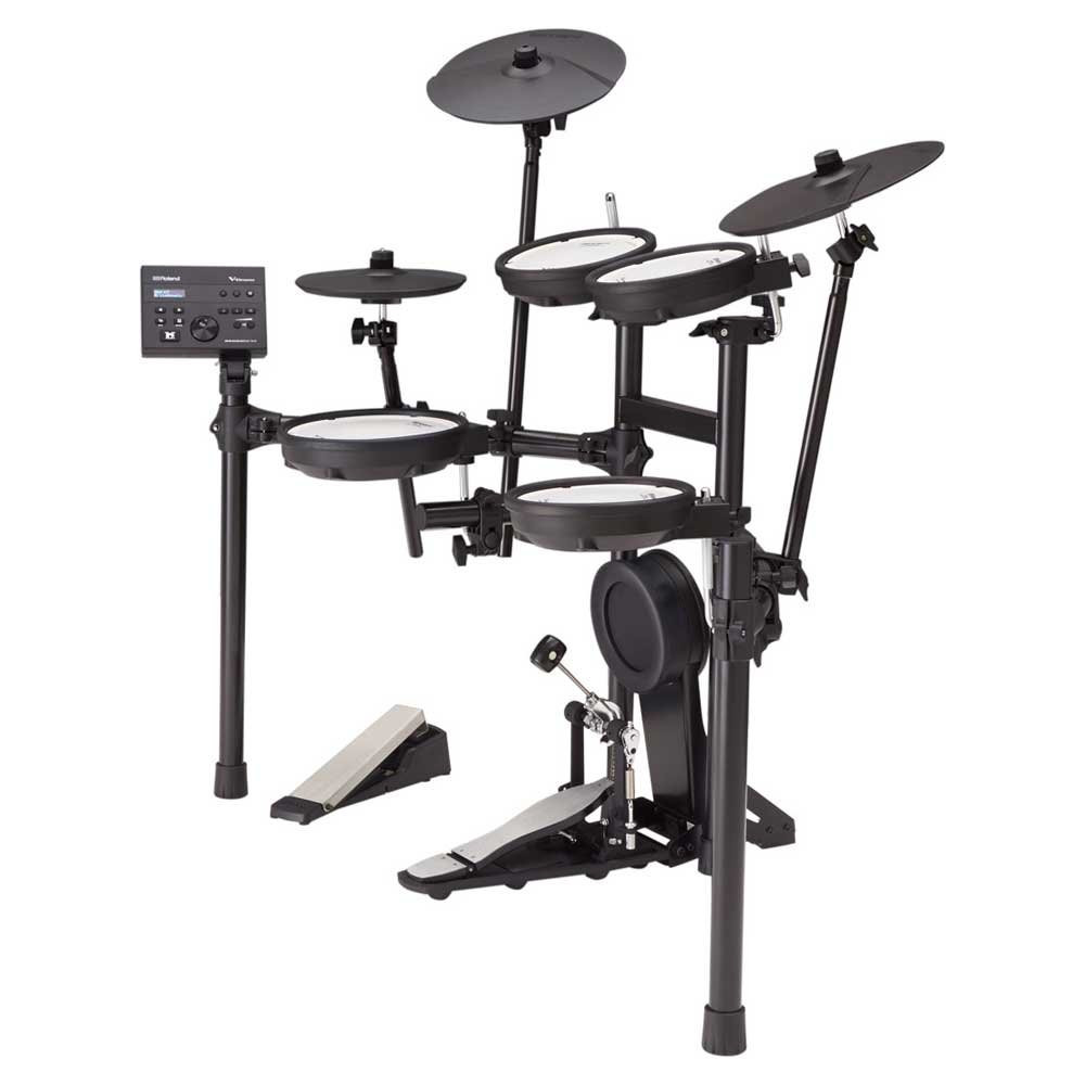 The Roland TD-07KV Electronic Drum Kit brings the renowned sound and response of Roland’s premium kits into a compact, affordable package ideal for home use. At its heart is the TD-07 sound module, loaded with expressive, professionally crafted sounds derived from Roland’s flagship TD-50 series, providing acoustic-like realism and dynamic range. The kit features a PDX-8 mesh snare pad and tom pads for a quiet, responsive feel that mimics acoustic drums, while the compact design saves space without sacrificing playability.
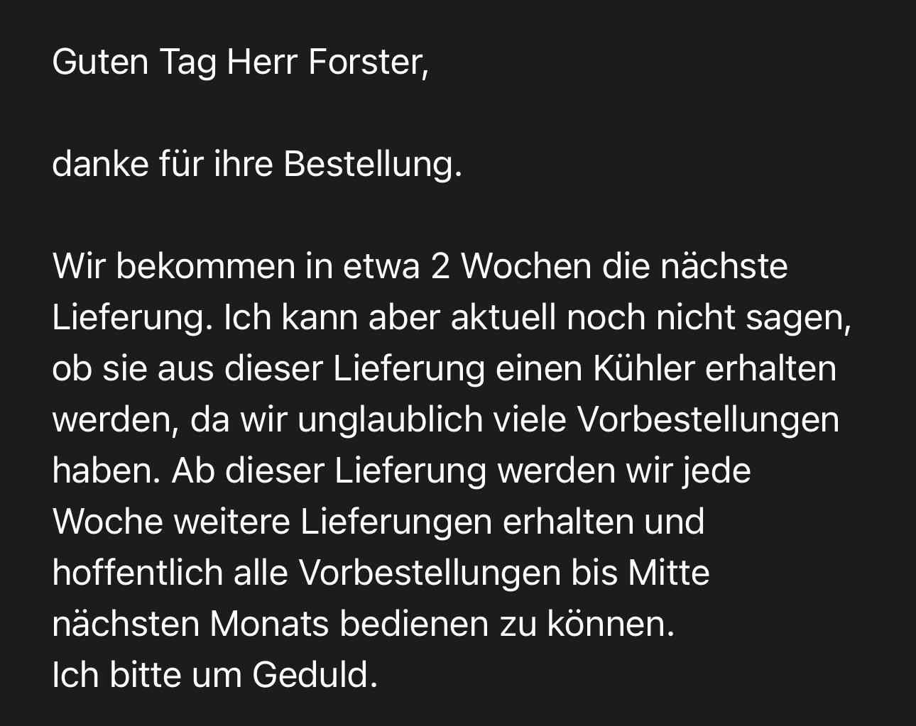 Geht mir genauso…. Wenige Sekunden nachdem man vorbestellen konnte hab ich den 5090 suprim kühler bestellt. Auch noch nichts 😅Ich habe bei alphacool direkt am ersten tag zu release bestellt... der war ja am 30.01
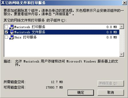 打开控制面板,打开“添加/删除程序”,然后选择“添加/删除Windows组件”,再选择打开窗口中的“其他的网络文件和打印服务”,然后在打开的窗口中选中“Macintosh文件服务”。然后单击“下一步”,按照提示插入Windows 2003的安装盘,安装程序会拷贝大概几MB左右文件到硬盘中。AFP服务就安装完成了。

**ABOUT THIS TASK:** Only the lines from the line with "Geht mir genauso…." to the bottom of the material above should be reproduced, exactly and without pictures.

**ANSWER BOX:**
 Geht mir genauso…. Wenige Sekunden nachdem man vorbestellen konnte hab ich den 5090 suprim kühler bestellt. Auch noch nichts 😅Ich habe bei alphacool direkt am ersten tag zu release bestellt... der war ja am 30.01
 打开控制面板,打开“添加/删除程序”,然后选择“添加/删除Windows组件”,再选择打开窗口中的“其他的网络文件和打印服务”,然后在打开的窗口中选中“Macintosh文件服务”。然后单击“下一步”,按照提示插入Windows 2003的安装盘,安装程序会拷贝大概几MB左右文件到硬盘中。AFP服务就安装完成了。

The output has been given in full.